Software Engineering

OCR Batch Workflows: Scalable Text Extraction with ZenML

Marwan Zaarab
Apr 9, 2025
8 mins

Generative AI makes building an initial OCR proof-of-concept seem deceptively simple. Slap together a Python script, call an API or model, extract some text – done, right? While exciting, this initial step barely scratches the surface of what enterprises actually  need: processing potentially millions of unstructured documents—invoices, contracts, IDs—reliably and at scale. This is where simple scripts shatter.

Beyond applying the AI model itself, the true hurdle lies in productionization. How do you handle batch processing efficiently? How do you version your data, models, and code together? What about automatic retries on failure, smart caching to save compute, or tracking every artifact and metric for reproducibility and compliance? Facing this harsh reality of scaling GenAI demands robust workflow orchestration.

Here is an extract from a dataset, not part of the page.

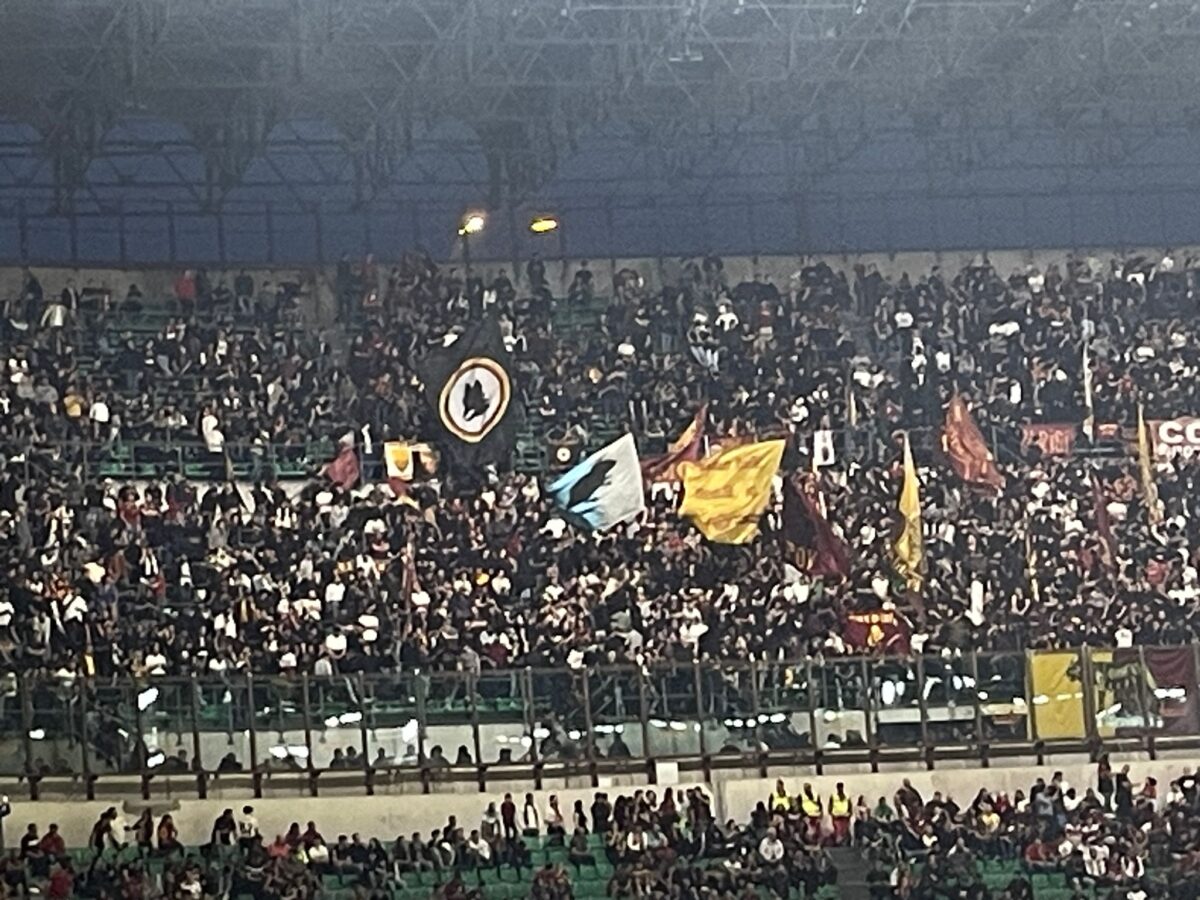 Al momento del loro arrivo a San Siro, i tifosi giallorossi erano tutti concentrati per la gara e speranzosi di veder vincere la propria squadra. Portare anche la "bandiera con il sorcio" è un modo per segnalare la propria vicinanza a Mancini, che dovrà pagare una multa di 5mila euro per il gesto ritenuto troppo sopra le righe.

While everyone talks about agents, high-value enterprise applications often lie in mastering these automated workflows. This is precisely where ZenML excels. As a platform built from the ground up to automate, manage, and scale complex data pipelines, ZenML provides the necessary structure for demanding tasks like GenAI-powered batch OCR. This includes built-in support for versioning, automatic retries, smart caching, artifact tracking, and seamless integration with various tools.

A Modular Framework for Multi-Model OCR

To demonstrate how ZenML transforms a promising OCR concept into a production-ready asset, I developed OmniReader: a flexible, scalable multi-model OCR workflow that orchestrates document processing pipelines, integrates various vision-language models, and tracks performance metrics to ensure reliable text extraction at scale.

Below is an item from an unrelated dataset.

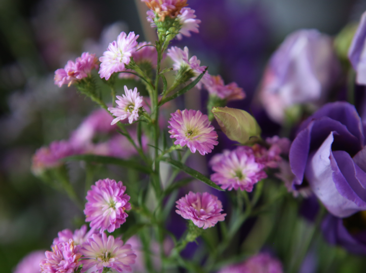 Een stijlvol boeket met zachte lichtroze rozen en speelse paarse bloemen – een perfecte balans tussen romantiek en frisheid

The framework revolves around two core pipelines:

- Batch Processing Pipeline: Designed to efficiently process large document volumes, gathering outputs in a structured format while tracking key performance metrics.
- Evaluation Pipeline: Compares outputs from different models against ground truth data using metrics like CER, WER, and Levenshtein similarity to identify the most effective approach for specific needs.

Batch and Evaluation Pipeline DAGs

Let’s explore how these pipelines come together to create a resilient document processing system.

Batch OCR at Scale

The first core component is the batch processing pipeline, designed to handle the ingestion and processing of documents in large volumes. It systematically feeds images into the selected OCR models and organizes the extracted text into a consistent, structured format. This enables high-throughput document processing compatible with various models and forms the foundation for subsequent evaluation steps.

@pipeline
def ocr_batch_pipeline(
    models: List[str],
    input_dir: str,
    custom_prompt: Optional[str] = None,
    batch_size: int = 10,
    max_workers: int = 5,
    file_pattern: str = "*.jpg",
) -> None:
    """Process a batch of documents with the selected model(s)."""
    # Load all image paths
    image_paths = load_image_files(
	    input_dir=input_dir,
	    file_pattern=file_pattern
	)

    # Process images in batches
    results = process_images_batched(
        image_paths=image_paths,
        models=models,
        custom_prompt=custom_prompt,
        batch_size=batch_size,
        max_workers=max_workers,
    )

    # Generate summary report
    generate_summary_report(results)

By integrating this workflow within ZenML, we gain critical production capabilities often missing from simple scripts:

- Automatic Retry Logic (via step options): Steps can be configured to automatically retry failed document processing attempts.
- Smart Caching (via ZenML's pipeline/step caching): Previously processed documents are skipped unless inputs have changed.
- Error Isolation (step-level execution): Failures in individual pipeline steps or document batches can be isolated to avoid interrupting the entire job.
- Artifact Versioning (via ZenML's artifact tracking system): Outputs of each pipeline step are tracked and versioned across runs.
- Resource Optimization (via orchestrator-level configuration or step operators): Computing resources (e.g., CPU, memory, GPU) can be specified at the pipeline or step level when using orchestrators.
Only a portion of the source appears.